WORK ITEM -> The expected result is the full listing, retyped exactly, without a single picture.

DATA EXCERPT ->
+ + + + + + +

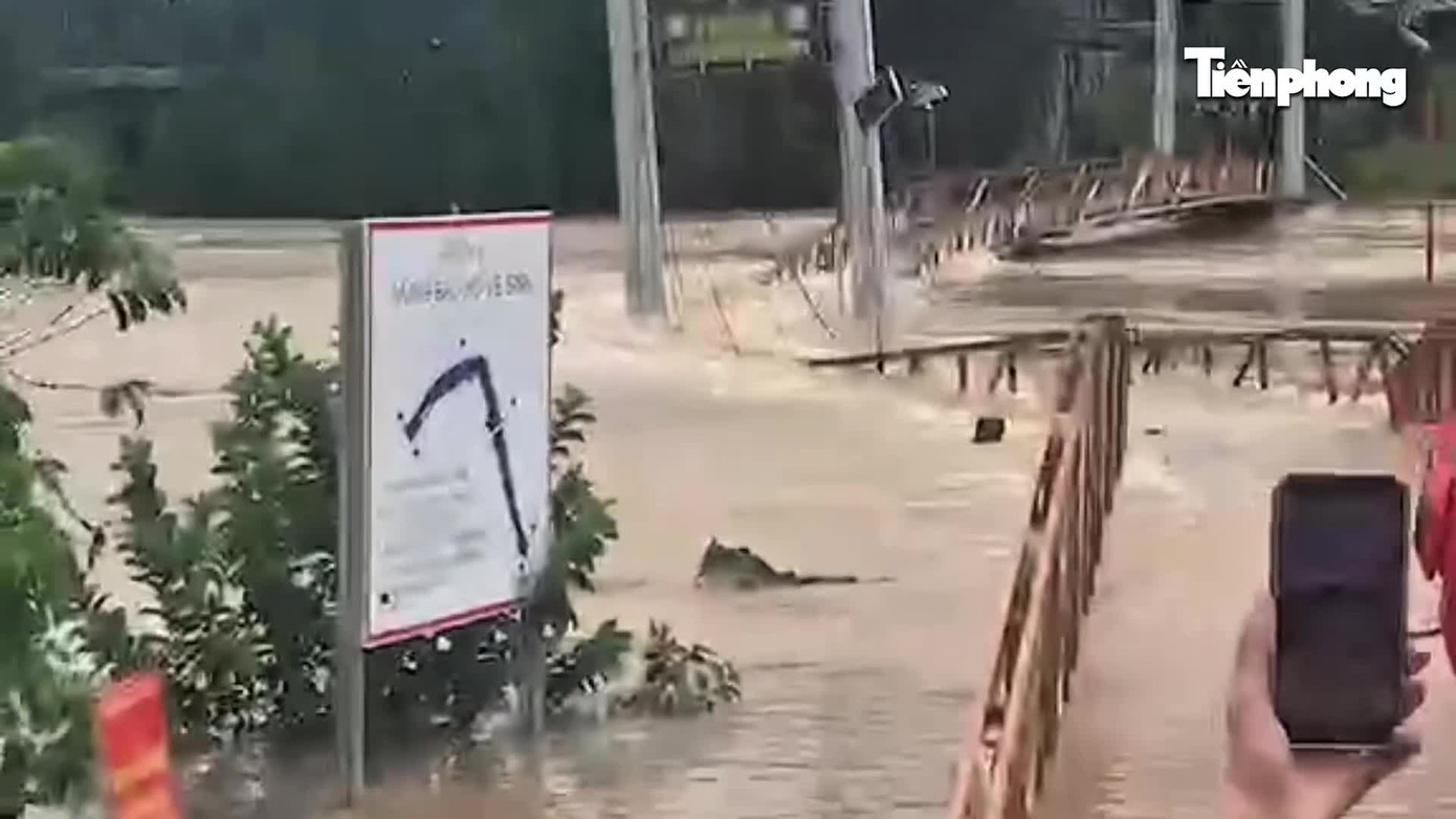 Nước lũ cuốn trôi cây cầu treo nối hai thôn ở xã Ninh Gia, Lâm Đồng.
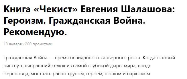 Автор: Евгений ШалашовНашел на просторах Интернета, в вернее, на дзене отзыв на свой цикл "Чекист".
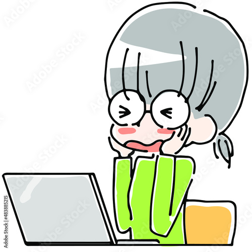 笑顔で話しているテレワーク中の女性のイラストカット  スマホ  PC
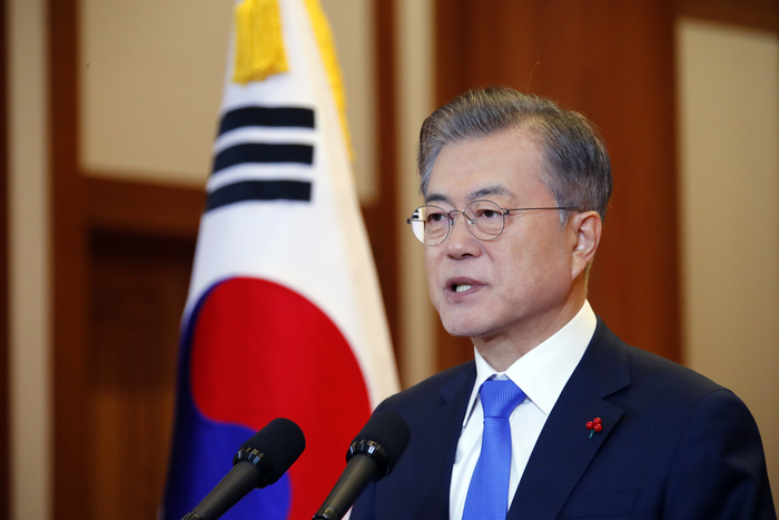 문재인 대통령이 10일 오전 청와대 본관에서 신년 기자회견을 앞두고 발표문을 낭독하고 있다.

+ + + + + + +

SOLUTION ->
 Nước lũ cuốn trôi cây cầu treo nối hai thôn ở xã Ninh Gia, Lâm Đồng.
 Автор: Евгений ШалашовНашел на просторах Интернета, в вернее, на дзене отзыв на свой цикл "Чекист".
 笑顔で話しているテレワーク中の女性のイラストカット  スマホ  PC
 문재인 대통령이 10일 오전 청와대 본관에서 신년 기자회견을 앞두고 발표문을 낭독하고 있다.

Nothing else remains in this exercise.